A 45-year-old male cyclist presents to the OR for repair of an open left femur fracture after being struck by a car. He is currently awake and oriented and is in a cervical collar. He has sustained multiple abrasions and lacerations. In addition to the open femur fracture, the patient has multiple rib fractures, a nondisplaced clavicle fracture, and a small subdural hematoma. His HR is 110 beats/min; his systolic BP is in the 150s; his diastolic BP is in the 80s; his respiratory rate (RR) is 24 breaths/min; and his oxygen saturation is 93% on 10 L of oxygen via face mask.

After American Society of Anesthesiologist (ASA) monitors are placed, a rapid sequence induction is performed with ketamine, propofol and succinylcholine. The airway is secured via video laryngoscopy.
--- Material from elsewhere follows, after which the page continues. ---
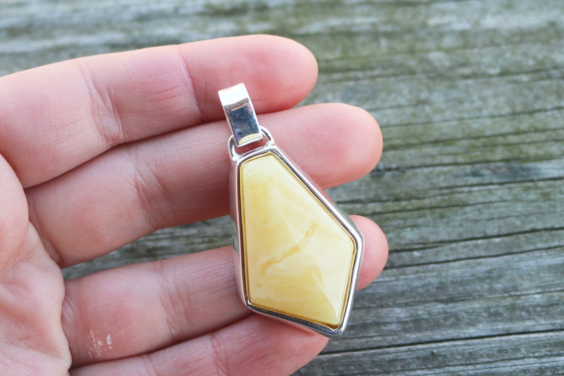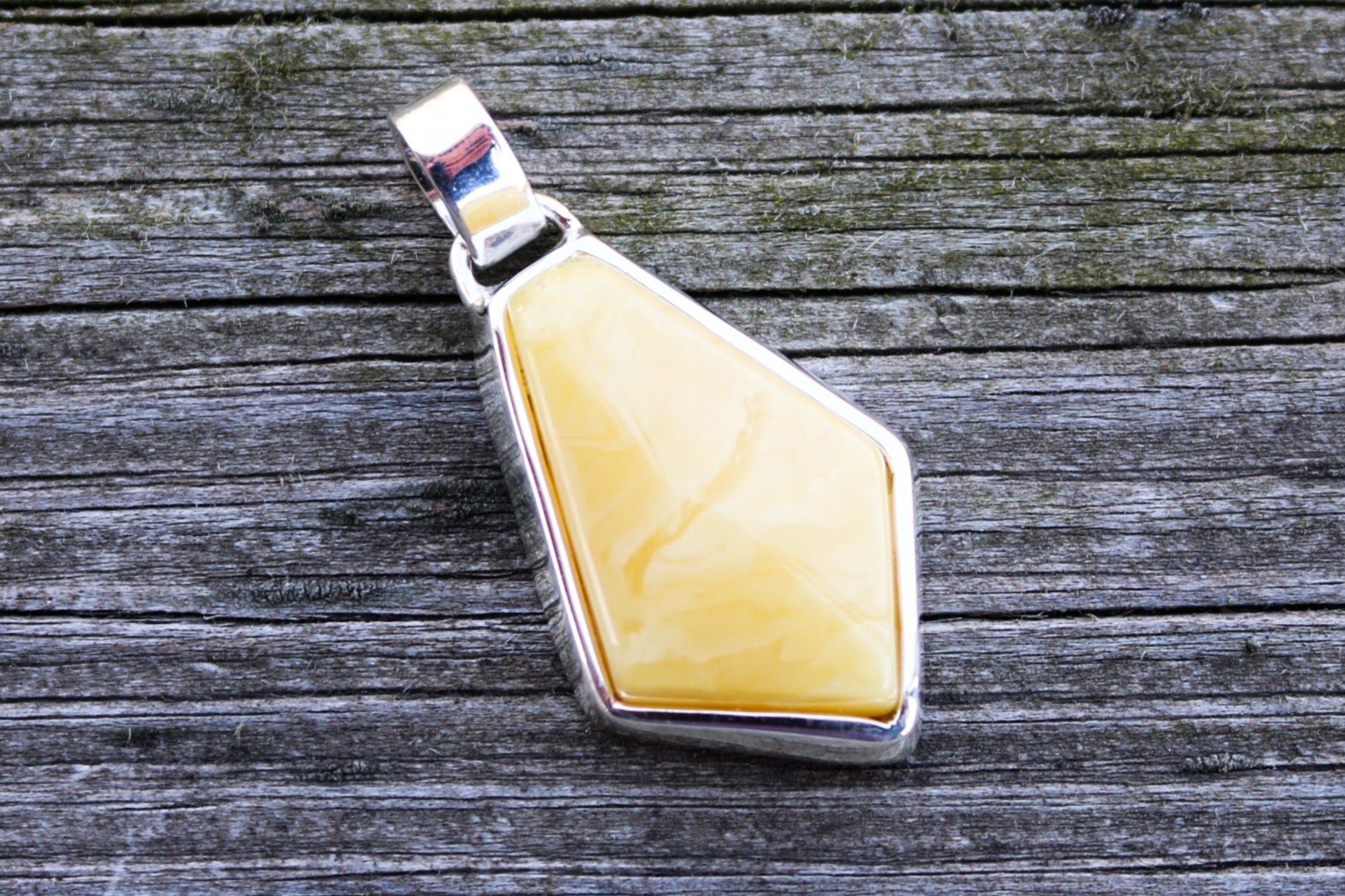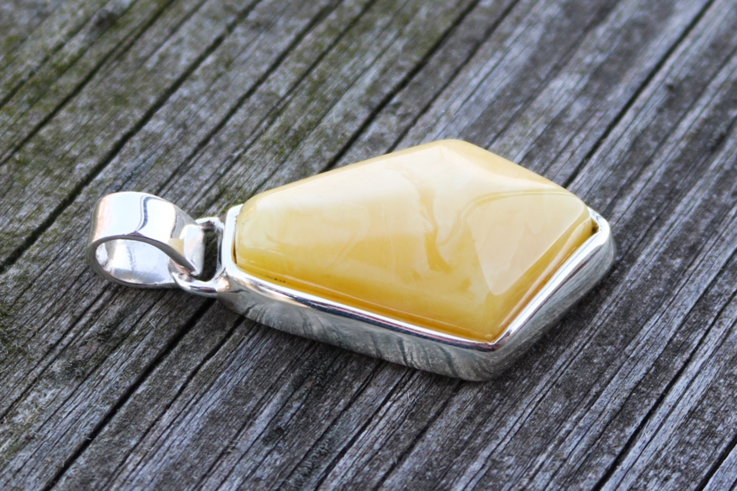 Baltic amber pendant in swirly butterscotch color. Hand carved and set in 925 sterling silver. Natural untreated stone.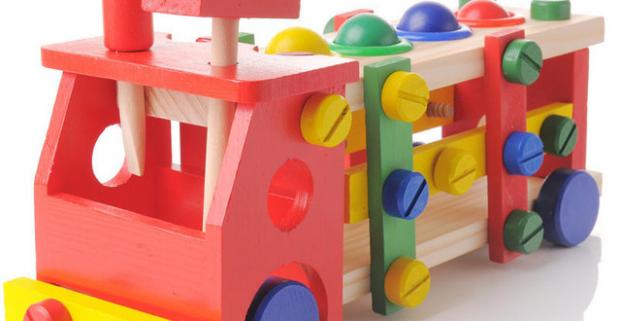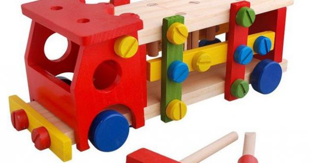 Farebné skladacie auto s kladivkom a skrutkovačom z dreva. Túto fantastickú hračku si zaručene obľúbi každý malý kutil.

Shortly after induction, the patient's BP falls to 80s/50s, his oxygen saturation decreases to 88% despite a 100% fraction of inspired oxygen (FiO2), and on inspection, only the left side of the chest is noted to have breath sounds, despite the endotracheal tube being secured at 20 cm at the teeth. 

Resolution

Given the constellation of decreased breath sounds, hypotension, and desaturation developing shortly after initiation of positive-pressure ventilation (PPV) in a trauma patient with known rib fractures, emergency treatment of a tension pneumothorax is indicated. The anesthesiologist should support BP with vasoactive agents while performing a needle decompression in the midclavicular line at the second intercostal space.  Alternatively, if time permits, the anesthesiologist can consult with the trauma surgeon for emergency chest tube placement.